To increase the enhancement of training efficiency, QWEN2VL carries out a multi -media sequence, allowing the sequence of multiple pictures text to a sequence of about 4096 symbols, thus reducing filling and account. Vision encryption parameters remain frozen during training to maintain resources and are optionally heterogeneous during SFT to improve the power performance.
QWEN2VL is trained on only 0.36 % of the number of the distinctive code used in QWEN2-VL, but it shows the same or superior performance across several criteria. The model achieves 80.9 degrees on MMBENCH, and performs competitive on SuPBench (72.5), MMSTAR (49.7), and Mathvista (53.1).
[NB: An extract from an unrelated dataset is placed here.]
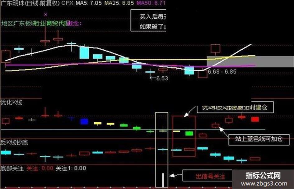 2.底部关注出现白柱信号后,不要急着买,等优化k线的低点和反k线的高点靠近的时候在介入;
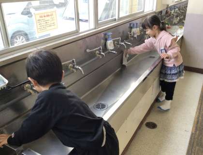 特別支援学級さんの前にある手洗い場は、支援級のみんなと1年2組さんが使います。

Huritage studies indicate that merging a small sub -group (5 meters samples) of high -quality pairs that are nominated using MLM techniques can lead to measurable performance improvements, highlighting the importance of data quality at the audio level.

In addition, Open-SWEN2VL displays the few multimedia learning capabilities in the context. When evaluating data collections such as GQA and TextvQA, the model shows accuracy gains from 3 % to 12 % of 0 -shot scenarios to 8 shots. Micro-performance scales can be predicted with the size of the instruction control data set, with performance gains that reach about 8 meters from the Mammoth-VL-10M data set.
QWEN2VL Open-SWEN2VL offers a repetitive and effective pipeline to train large multimedia language models. By processing the restrictions of the previous models systematically in terms of openness and calculating the requirements, it allows the broadest participation in MLM research. Form design options – including effective visual symbol processing, multi -media -sequence packaging, and choosing wise data – choose a front -to -anchor pathway for academic institutions aimed at contributing in this field. QWEN2VL Open-SWEN2VL creates a cloning basis line and provides a basis for future work on the developed and high-performance MLLMS within restricted accounting environments.
Payment Paper, model, data and symbol. All the credit for this research goes to researchers in this project. Also, do not hesitate to follow us twitter And do not forget to join 85k+ ml subreddit.
🔥 [Register Now] The virtual Minicon Conference on Open Source AI: Free Registration + attendance Certificate + 3 hours short (April 12, 9 am- 12 pm Pacific time) [Sponsored]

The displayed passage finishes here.